Designers of clinical trials today face a number of different challenges. In a number of disease areas several treatments become available at any one time with only a limited number of patients available for investigation purposes. Furthermore, in disease areas such as HIV and cancer the pressure is high to find effective treatments quickly. Due to the recent advances in the human genome project more and more interaction effects between a treatment under study and the genetic make-up of a patient may be successfully analysed.

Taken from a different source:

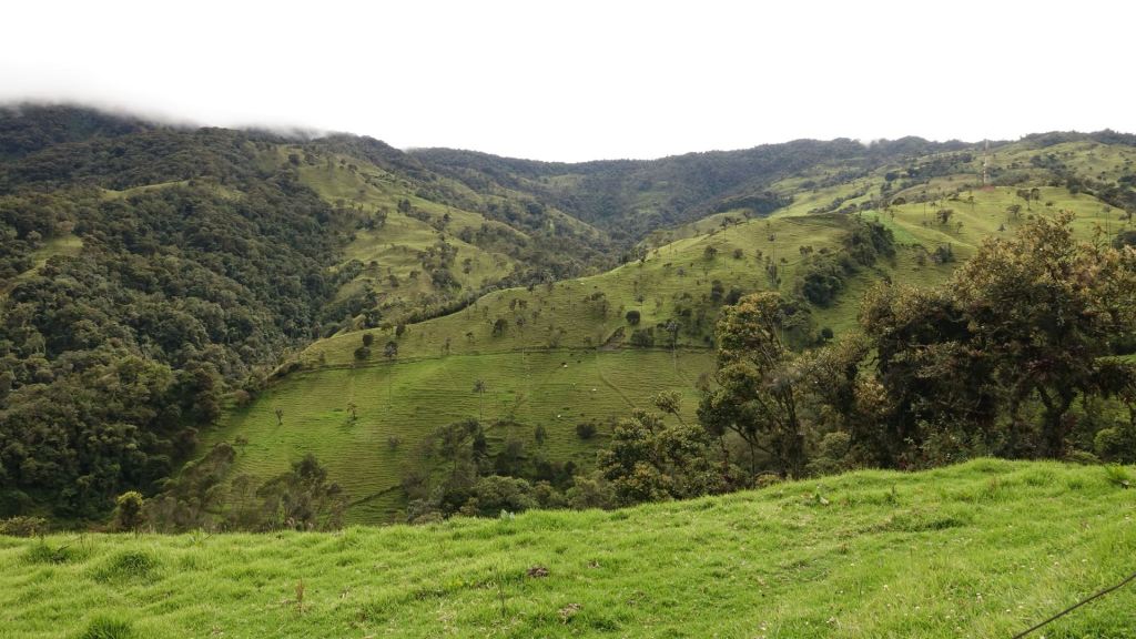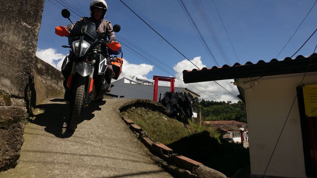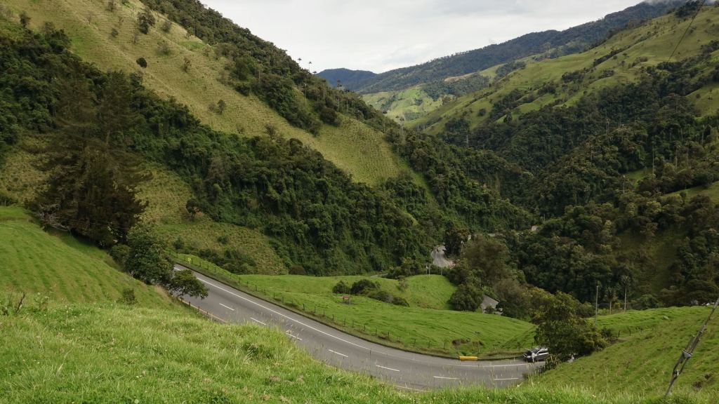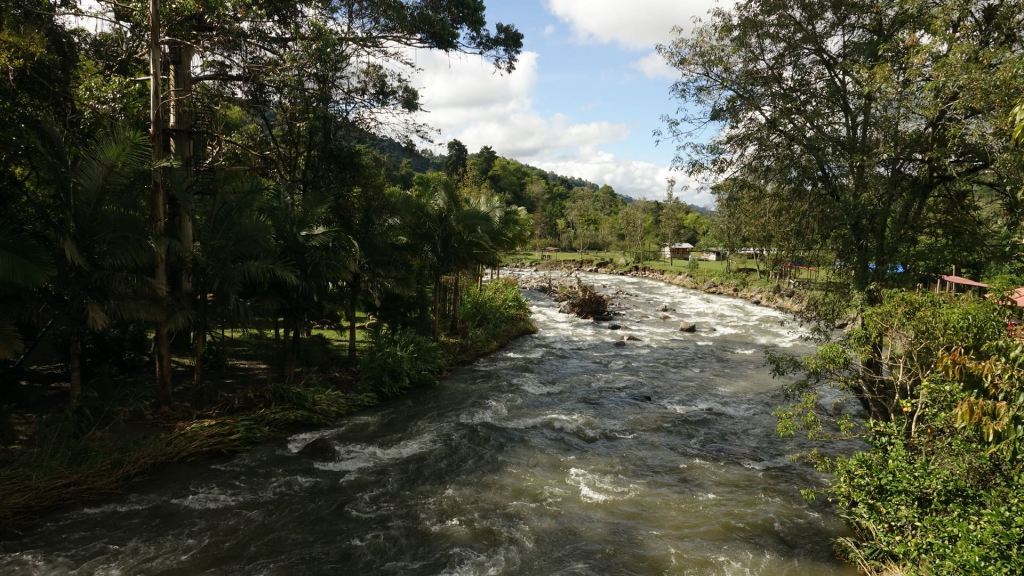 Am Montag, nach einem reichlichen Frühstück mit Arepas und Früchten, wollen wir Salento verlassen, doch offensichtlich habe ich am Vortag die Zündung zu lange eingeschaltet gelassen, um mein GPS zu laden. Außer mit einem Klacken beantwortet die Maschine mit keinem Ton das Drehen des Zündschlüssels. Ich bin noch nicht vom Moped abgestiegen, da schieben mich schon zwei Arbeiter, die flugs vom Gerüst des Nachbarhauses gestiegen sind, den Berg hinauf, damit ich es mit einem „Jump Start“ probieren kann. Unter ihrem Beifall und Gejubel klappt das auch auf Anhieb! Ich bedanke mich herzlich und finde mich alsbald auf der kurvigen Abfahrt durch den Regenwald, die ich diesmal sogar ohne Autoverkehr genießen kann. Dem Rio Quindio, den wir im Tal überqueren, wird es nach den gestrigen Regenfällen in seinem Bett fast zu eng. Dafür leuchtet alles in frischem Grün!

This thesis aims to evaluate existing tools for the design and analysis of clinical trials with a time-to-event outcome and provide extensions in areas where existing tools do not perform satisfactorily. Particular emphasis is placed on sample size calculations for multi-arm and multi-stage trials and other complex mechanisms such as loss to follow-up and patient withdrawal from allocated treatment. Furthermore, advances are made in the area of treatment-covariate interactions, particularly in terms of analysis tools for such interactions.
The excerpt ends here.